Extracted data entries
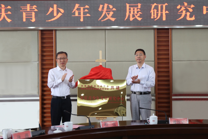 5月29日上午,安庆青少年发展研究中心成立大会暨揭牌仪式在公司龙山校区举行。公司党委常委、副董事长汪时珍,安庆市委常委、副市长戴钦公出席会议,共同为研究中心揭牌。共青团安庆市委班子成员、太阳成集团122ccvip班子成员,校办公室、科研处、团委等有关部门负责同志和师生代表参加了揭牌仪式。
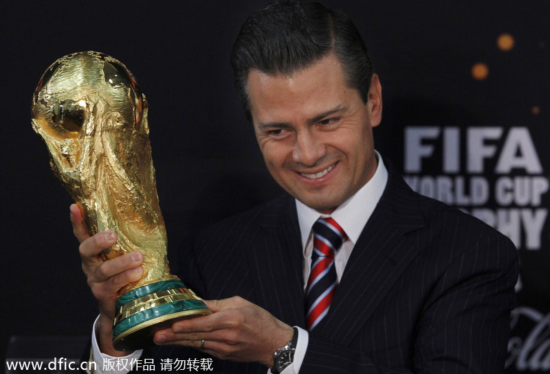 Mexico's President Enrique Pena Nieto holds the World Cup trophy in Mexico City, Feb 11, 2014 during the trophy's worldwide tour prior to next month's tournament. [Photo/IC] |
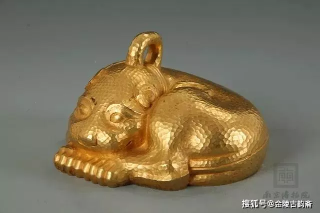 西汉金兽呈趴伏状,外形像一只豹子,头大尾长,眼睛迥然有神,颈部戴三轮项圈,头顶还有一环纽。其全身遍布不规则圆形斑纹,可见是器物整体铸成之后,特意用工具锤击上去的。金兽将古代金属铸造工艺和金器锤击工艺两种技法完美地结合在一起,实属罕见,弥足珍贵。
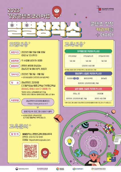 콘텐츠 창작 교육 프로그램인 ‘별별창작소’, ‘융복합발전소’는 문화체육관광부, 한국콘텐츠진흥원의 지원을 받아, 사업 수탁기관인 경남문화예술진흥원 경남콘텐츠코리아랩에서 오는 6월 30일까지 수강생을 모집해 교육을 추진한다.
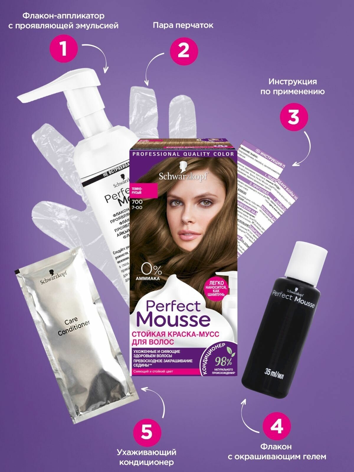 Краска-мусс для волос Perfect Mousse сияющий и стойкий цвет 700 Темно-русый 92.5мл

• Task to complete
Output each line exactly as shown above; no pictures go in the copy.

• Solution to the exercise
 5月29日上午,安庆青少年发展研究中心成立大会暨揭牌仪式在公司龙山校区举行。公司党委常委、副董事长汪时珍,安庆市委常委、副市长戴钦公出席会议,共同为研究中心揭牌。共青团安庆市委班子成员、太阳成集团122ccvip班子成员,校办公室、科研处、团委等有关部门负责同志和师生代表参加了揭牌仪式。
 Mexico's President Enrique Pena Nieto holds the World Cup trophy in Mexico City, Feb 11, 2014 during the trophy's worldwide tour prior to next month's tournament. [Photo/IC] |
 西汉金兽呈趴伏状,外形像一只豹子,头大尾长,眼睛迥然有神,颈部戴三轮项圈,头顶还有一环纽。其全身遍布不规则圆形斑纹,可见是器物整体铸成之后,特意用工具锤击上去的。金兽将古代金属铸造工艺和金器锤击工艺两种技法完美地结合在一起,实属罕见,弥足珍贵。
 콘텐츠 창작 교육 프로그램인 ‘별별창작소’, ‘융복합발전소’는 문화체육관광부, 한국콘텐츠진흥원의 지원을 받아, 사업 수탁기관인 경남문화예술진흥원 경남콘텐츠코리아랩에서 오는 6월 30일까지 수강생을 모집해 교육을 추진한다.
 Краска-мусс для волос Perfect Mousse сияющий и стойкий цвет 700 Темно-русый 92.5мл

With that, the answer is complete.